Sur les 20 premiers pays du classement Green Future Index, 15 sont européens. Les mieux classés qui ne sont pas situés en Europe, sont le Costa Rica, septième et la Nouvelle-Zélande huitième. Ils ont tout deux fait de «grands progrès», écrit le rapport, dans l’utilisation de renouvelables et la décarbonation de leurs industries et leurs agricultures. Par ailleurs, l’Irlande, la Corée du sud, Taiwan, l’Allemagne et la République Tchèque sont mis en avant en étant les leaders dans le monde des efforts de reforestation.
Les 16 derniers pays du classement, qualifiés dans le rapport d’«abstentionnistes», sont pour une bonne part des pays pétroliers et gaziers qui évidemment n’ont rien à gagner à la transition et la perçoivent comme une menace pour leur prospérité et leur modèle économique. On retrouve ainsi l’Arabie Saoudite, le Koweït, l’Algérie, la Russie, l’Iran, le Qatar. Il y aussi en bas du classement une autre catégorie de pays ou d’entités politiques qui politiquement et économiquement ont des priorités toutes autres à l’image de l’Ukraine, Hong Kong, la Turquie, le Bangladesh.

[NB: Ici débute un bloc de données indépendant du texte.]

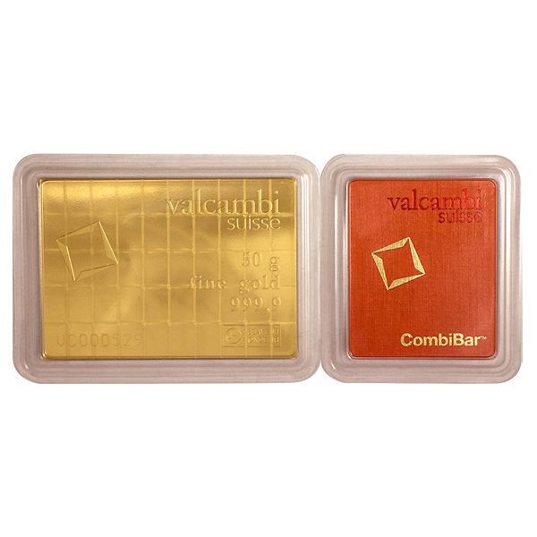 Valcambi Suisse 50 Gram Gold CombiBar **|**|** Valcambi Suisse 50 Gram Gold CombiBar ; MSRP: $0
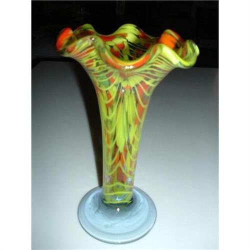 <tr><td>Title:Fluted Handblown Spatter Glass Vase</td></tr>

Les pays les plus avancés dans la transition en retireront de grands avantages économiques
Le MIT met en avant en conclusion deux éléments clés de la transition. D’une part, l’importance de la décennie qui commence et sera déterminante pour approcher en 2050 des objectifs massifs de réduction des émissions de gaz à effet de serre et d’autre part les avantages que vont obtenir les pays qui seront les plus avancés dans ce domaine. Les Etats-Unis viennent de comprendre cet enjeu avec l’annonce par le Président Joe Biden d’un plan d’investissement de 2 mille milliards de dollars sur huit ans.
«La décennie sera marquée par plusieurs transitions, vers des énergies propres, la décarbonation de l’industrie, l’arrivée à maturité des systèmes de taxe carbone et d’autres changements majeurs dans les transports, l’agriculture, la façon de s’alimenter et les normes sociales», écrit le MIT. Il souligne aussi que «si les économistes soulignent la difficulté de maintenir le système capitaliste traditionnel tout en passant à un modèle durable qui consiste à réduire plutôt que continuer à augmenter la consommation, il y a un aspect à cette transformation qui permet d’être optimiste. Il consiste à mettre l’accent sur les avantages compétitifs qui seront gagnés par les économies qui feront la transition le plus rapidement. Leurs entreprises seront les plus modernes, les plus avancées technologiquement et les mieux placées pour naviguer dans un nouvel environnement réglementaire et attirer les investissements et les talents. Dans l’avenir, vert sera synonyme de compétitivité».